My six year relationship ended ten weeks ago. A few days before the start of 2015, I told my ex boyfriend that I could not see us sharing a life together. You know what the ironic part is? My mother had just gone to visit his family during Christmas. I will never know why I picked those exact words. The truth is I am a complicated person. I say the most hurtful things to people I love. I once told my father that I will not attend his funeral even if he died. What kind of daughter does that make me in spite of my Confucius upbringing?

The ex boyfriend and I were of different race and faith. He insists that these key differences were the catalysts of our demise. I was in his on words, uncomfortable with the fact that he is Indian and Catholic. I probably was whenever I was with his family (Indians) and friends (Catholics). I am generally uncomfortable with social functions. I get anxious if I have to be around crowds and large groups of people. Sometimes i think it has less to do with race and religion and more to do with my inherent personality. 

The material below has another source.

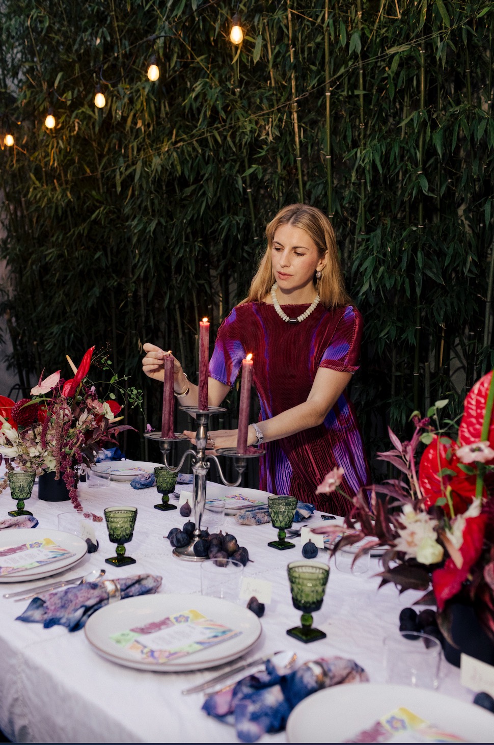 I’d bring in lots of taper candles (the really tall 18"+ ones are my favorite) to create height and atmosphere, and then layer in seasonal florals and produce. I often use produce as part of the design—candles set in tomatoes, fruit as place settings—small touches that feel whimsical. Then I use that produce afterward.

I may have once asked him why he eats with his hands. But then again, I could have asked that same question to my brother who only eats nasi kandar with his hands. I get irritated by the smallest of things - noisy eaters, Chinese couples in lifts, fat people, slow and fast drivers, the DJ that gives the traffic report on the radio, bony girls, etc. In retrospect, the question about eating with his hands is inconsequential in the larger scheme of things. It was merely a question made in bad taste. 

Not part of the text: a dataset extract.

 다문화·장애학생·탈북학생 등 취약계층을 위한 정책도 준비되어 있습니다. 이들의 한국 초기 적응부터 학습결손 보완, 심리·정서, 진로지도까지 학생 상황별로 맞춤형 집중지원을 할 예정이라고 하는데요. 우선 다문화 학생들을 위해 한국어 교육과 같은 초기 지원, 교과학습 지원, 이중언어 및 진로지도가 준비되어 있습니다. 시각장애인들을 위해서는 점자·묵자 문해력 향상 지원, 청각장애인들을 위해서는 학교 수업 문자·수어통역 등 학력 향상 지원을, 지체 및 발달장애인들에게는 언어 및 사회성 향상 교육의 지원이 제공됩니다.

While growing up, I’ve always thought i’d have one or two children. I wanted my future children to learn the violin, swim every weekend and speak three languages fluently. I wanted to raise children that would have all the things in life I didn’t; money, material things, a loving home and parents that don’t fight physically. In my mid to late 20s, the idea of children scared me primarily because of how little time i had. Work and the everyday dramas of office life consumed me. I was obsessed with becoming the perfect employee. I would cry myself to sleep if I made a small mistake at work and I wanted to please my boss, my colleagues and (recently) my own subordinates. I was overwhelmed and perpetually stressed. I wasn’t sure if I could handle the responsibilities that came with parenting. But I never made up my mind about not wanting to have children. 

I am self-destructive. This, I have always known about myself. I had a great boyfriend whom I took for granted. And it is true what people say about not knowing what you’ve got until it’s gone. I am not idealising the relationship we had; there were many challenges but for most parts, we were happy. I cannot take back what I said. He has made it perfectly clear that he no longer wants us to get back together and he has threatened to call the police if I ever contacted him again. 

I don’t know how we ended up here. I have been lost for the past few days, damaged by the cruelty of his words and actions. We were in love for six damn years and at the end of it all, he wanted the police to arrest me. How does one recover from this? That night I fantasised that I was dead and he would live in regret. Suicide is however beyond me as I lack courage and I could not hurt my parents who have already suffered so much. I went through nights of extreme guilt and agony. I blamed myself for being reckless, indecisive and fickle. I couldn’t find a single redeeming quality in me. 

I still can’t. I now know what it’s like to be completely alone and broken.